On top of this, cybersecurity is a cost center or a function that does not generate revenue but still costs the organization money. Of course, a good case can be made that cybersecurity indirectly boosts revenue by preventing or reducing losses resulting from disruptions such as the kind that happened to Ardent Health. But it takes a skilled CISO to convey this to the CEO, COO, CFO, and other C-suite level executives in a way that resonates with them.
Then there is also the fact that upgrading cybersecurity measures can present inconveniences to hospital staff due to stricter authentication processes such as more complex passwords, frequent password changes, and multifactor authentication.

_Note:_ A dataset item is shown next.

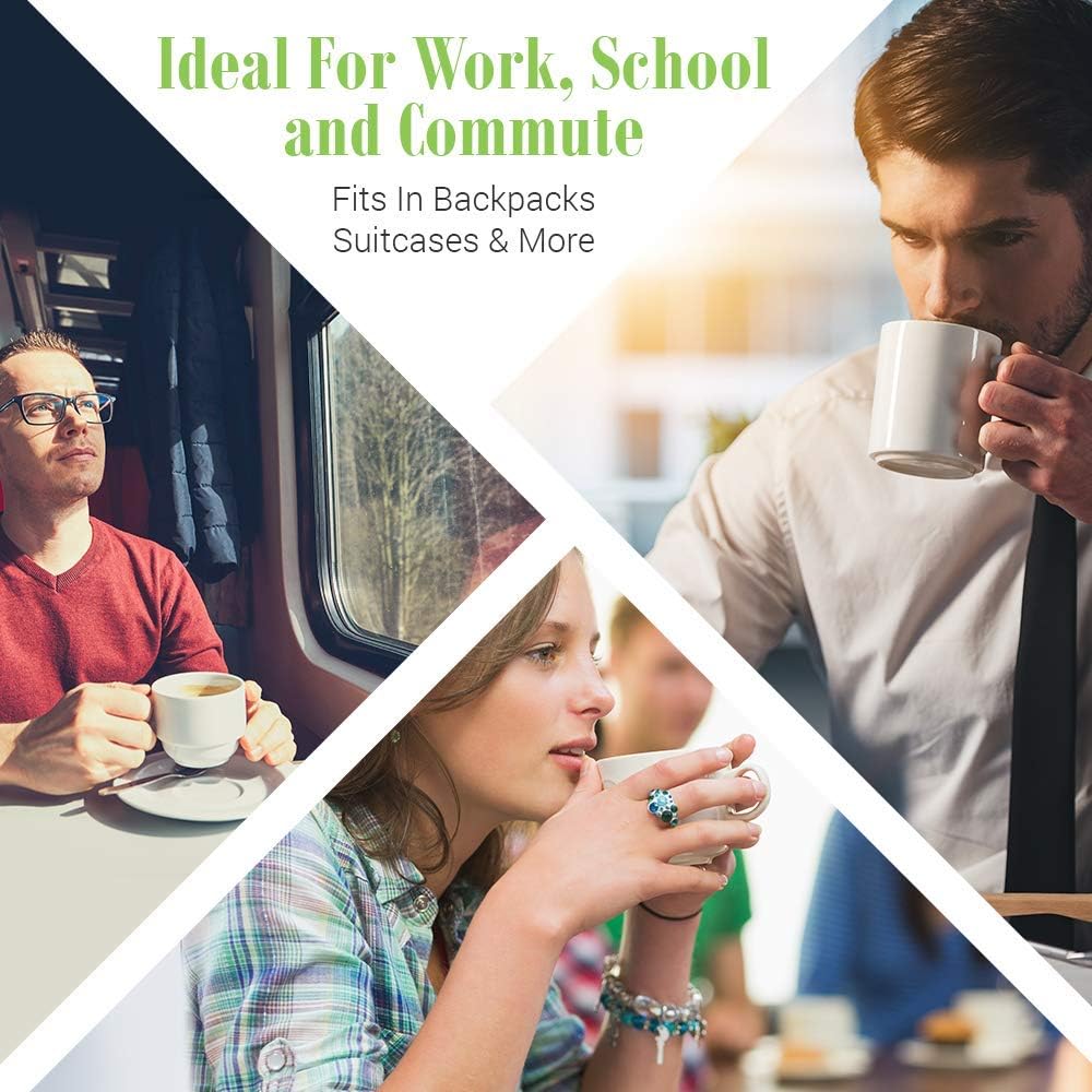 The mini travel coffee maker is designed to be small and compact, making it easy to pack in your bag or luggage. It brews a single serving of delicious coffee in just minutes, ensuring you can enjoy a fresh cup whenever and wherever you are. The included 15 oz. travel mug coffee tumbler is the perfect companion, keeping your coffee hot and delicious for hours.

When you combine such inconveniences with the lack of a revenue-generating function, you can see why any CISO would be hard-pressed to get the decision-makers of a healthcare organization on board by putting more resources into beefing up cybersecurity. Unfortunately, it sometimes takes nothing less than an incident to occur to sway people’s minds.
Another barrier has to do with the overall culture of cybersecurity in the healthcare sector at large. To have a healthy cybersecurity ecosystem, healthcare organizations need to be forthcoming about sharing information about cyber-attacks when they occur. But despite the existence of Health-ISAC, participation is voluntary and many hospitals and health systems do not participate. The general tendency is still for healthcare organizations to be reticent about attacks they may have recently endured.
Part of this is due to not wanting word to get out that they’ve been hacked for reputational reasons. The other part is that healthcare organizations can be very territorial with their information and don’t like sharing it with those they may perceive as competitors. This is short-sighted since a more mature and healthier cybersecurity ecosystem where information is shared ultimately benefits everyone and, conversely, a less transparent ecosystem hurts everyone.
One Solution Does Not Fit All
Ideally, all healthcare organizations would do everything they could to protect themselves and their patients in an era of increasing threats. However, as discussed, there are some very real and practical barriers that get in the way. Even if an organization's decision-makers fully understand the cybersecurity risks, they may feel their organization simply does not have the resources to spare for robust security solutions. This is a legitimate concern and not something to be scoffed at.
Recognizing this, it’s impossible to prescribe a one-size-fits-all solution in which every organization must devote a certain number of resources and attain a certain standard of security. At the same time, the Ardent Health ransomware incident has been a vivid reminder of how potentially disastrous data breaches can be. It therefore behooves all organizations to at the very least take the matter very seriously and to perform thorough risk-cost-benefit analyses that assess the level of risk their organization faces, what level of risk they’re comfortable accepting, how much resources they’re able or willing to allocate to the problem, and the actual solutions that they will implement based on their needs and situation.